Advanced Jenkins Pipeline with Quarantine

// Jenkinsfile with quarantine support
pipeline {
    agent any

    environment {
        QUARANTINE_FILE = '.quarantine'
    }

    stages {
        stage('Setup') {
            steps {
                checkout scm
                sh 'npm ci'
            }
        }

        stage('Run Stable Tests') {
            steps {
                script {
                    def quarantined = ''
                    if (fileExists(env.QUARANTINE_FILE)) {
                        quarantined = readFile(env.QUARANTINE_FILE)
                            .trim()
                            .split('\n')
                            .collect { "--testPathIgnorePatterns='${it}'" }
                            .join(' ')
                    }

                    sh """
                        npx jest --ci --reporters=jest-junit \
                            --outputFile=stable-results.xml \
                            ${quarantined}
                    """
                }
            }
            post {
                always {
                    junit 'stable-results.xml'
                }
            }
        }

        stage('Run Quarantined Tests') {
            when {
                branch 'main'
            }
            steps {
                script {
                    if (fileExists(env.QUARANTINE_FILE)) {
                        def tests = readFile(env.QUARANTINE_FILE).trim().split('\n')

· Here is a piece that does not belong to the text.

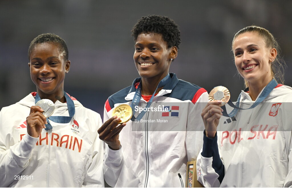 9 August 2024; Women's 400m medalists, from left, silver medalist Salwa Eid Naser, gold medalist Marileidy Paulino of Team Dominican Republic and bronze medalist Natalia Kaczmarek of Team Poland at the Stade de France during the 2024 Paris Summer Olympic Games in Paris, France. Photo by Brendan Moran/Sportsfile

                        def results = [:]
                        tests.each { test ->
                            def passes = 0
                            def runs = 5

                            for (int i = 0; i < runs; i++) {
                                def exitCode = sh(
                                    script: "npx jest '${test}' --ci --forceExit 2>/dev/null",
                                    returnStatus: true
                                )
                                if (exitCode == 0) passes++
                            }

                            results[test] = [passes: passes, runs: runs]
                        }

                        // Generate report
                        def report = "Quarantine Report\\n"
                        report += "=================\\n\\n"
                        results.each { test, data ->
                            def rate = (data.passes * 100 / data.runs) as int
                            report += "${test}: ${rate}% pass rate (${data.passes}/${data.runs})\\n"
                        }

                        echo report
                    }
                }
            }
        }
    }

    post {
        failure {
            script {
                // Send Slack notification for flaky test failures
                if (currentBuild.previousBuild?.result == 'SUCCESS') {
                    slackSend(
                        channel: '#test-reliability',
                        color: 'warning',
                        message: "Pipeline failed after previous success - possible flaky test: ${env.BUILD_URL}"
                    )
                }
            }
        }
    }
}

Jenkins Flaky Test Detection with DeFlaky

// Jenkinsfile with DeFlaky integration
pipeline {
    agent any

    stages {
        stage('Setup') {
            steps {
                checkout scm
                sh 'npm ci'
                sh 'npm install -g deflaky'
            }
        }

        stage('Test') {
            steps {
                sh 'npx jest --ci --reporters=jest-junit'
            }
            post {
                always {
                    junit 'junit.xml'
                }
            }
        }

        stage('Flaky Test Analysis') {
            when {
                branch 'main'
                expression {
                    // Run analysis on scheduled builds or manually
                    return params.ANALYZE_FLAKY ?: (env.BUILD_NUMBER.toInteger() % 10 == 0)
                }
            }
            steps {
                sh '''
                    deflaky analyze \
                        --framework jest \
                        --runs 10 \
                        --output deflaky-report.json \
                        --format junit
                '''
            }
            post {
                always {
                    archiveArtifacts 'deflaky-report.json'

                    script {
                        def report = readJSON file: 'deflaky-report.json'
                        def flakyCount = report.flaky_tests?.size() ?: 0

                        if (flakyCount > 0) {
                            echo "Found ${flakyCount} flaky tests"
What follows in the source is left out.